Published 29 October 2019 Volume 2019:12 Pages 3377—3384
DOI https://doi.org/10.2147/IDR.S195126
Checked for plagiarism Yes
Review by Single anonymous peer review
Peer reviewer comments 2
Editor who approved publication: Professor Suresh Antony
Setareh Mamishi,1,2 Shima Mahmoudi,2 Naimeh Naserzadeh,1 Reihaneh Hosseinpour Sadeghi,2 Mohammad Taghi Haghi Ashtiani,3 Abbas Bahador,4 Mohammad Reza Abdosalehi,1 Maryam Rahmani,5 Babak Pourakbari2
1Department of Infectious Diseases, Pediatrics Center of Excellence, Children’s Medical Center, Tehran University of Medical Sciences, Tehran, Iran; 2Pediatric Infectious Disease Research Center, Tehran University of Medical Science, Tehran, Iran; 3Department of Pathology, Pediatrics Center of Excellence, Children’s Medical Center, Tehran University of Medical Sciences, Tehran, Iran; 4Department of Microbiology, Tehran University of Medical Sciences, Tehran, Iran; 5Pediatrics Center of Excellence, Children’s Medical Center, Tehran University of Medical Sciences, Tehran, Iran
Correspondence: Babak Pourakbari
Pediatric Infectious Disease Research Center, Children Medical Center Hospital, Tehran University of Medical Sciences, 62 Gharib Street, Keshavarz Blvd, Tehran, Iran
Tel +98 21 6642 8996
Fax +98 21 6642 8996
Email [email protected]
Background and aim: Hospital-acquired infection (HAI) is a major problem worldwide. Understanding patterns of bacterial etiology and antibiotic susceptibility is vital to combating HAI. Besides, typing of isolates is important to establish the intra-hospital surveillance of resistant clones. In this study, we aimed to evaluate antibiotic resistance and genotyping of a number of gram-negative bacteria (GNB) causing HAI in patients who were referred to Children’s Medical Center.
Methods: During the 6-month period, antimicrobial susceptibility profiles of GNB isolates recovered from patients in Children’s Medical Center were determined.

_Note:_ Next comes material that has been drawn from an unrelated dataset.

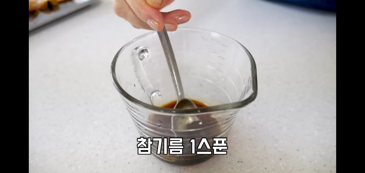 요리에 윤기를 더해줄 물엿 1스푼과 고소한 참기름 1스푼을 넣어 주세요.
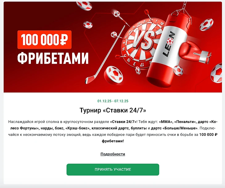 Букмекерская контора «Леон» предлагает всем своим клиентам принять участие в очередном Турнире «Ставки 24/7». Каждый участник может выиграть часть от призового фонда в 100 000 рублей фрибетами за пари в разделе «Ставки 24/7».

Typing of common GNB was performed by random amplified polymorphic DNA (RAPD) analysis and the results were analyzed by Gelcompar II software.
Results: In total, 142 (1.1%) gram-negative bacterial strains were isolated, among which 59.2% were from males. The most organisms were isolated from blood (63%) followed by wounds (13.7%). The greatest proportion of strains came from intensive care units (51%). Low sensitivity of Acinetobacter baumannii to common antibiotics and high resistance of Enterobacter spp. To cefotaxime (100%) were reported. The most efficient antibiotics for Escherichia coli strains were amikacin (84%) and gentamycin (81%). However, just 12.5% of Serratia marcescens strains were resistant to trimethoprim-sulfamethoxazole. The analysis of RAPD-typing revealed the presence of one clone in A. baumannii and E. coli and two clones in Klebsiella pneumoniae, whereas the trend varied completely in Pseudomonas aeruginosa strains and Enterobacter spp.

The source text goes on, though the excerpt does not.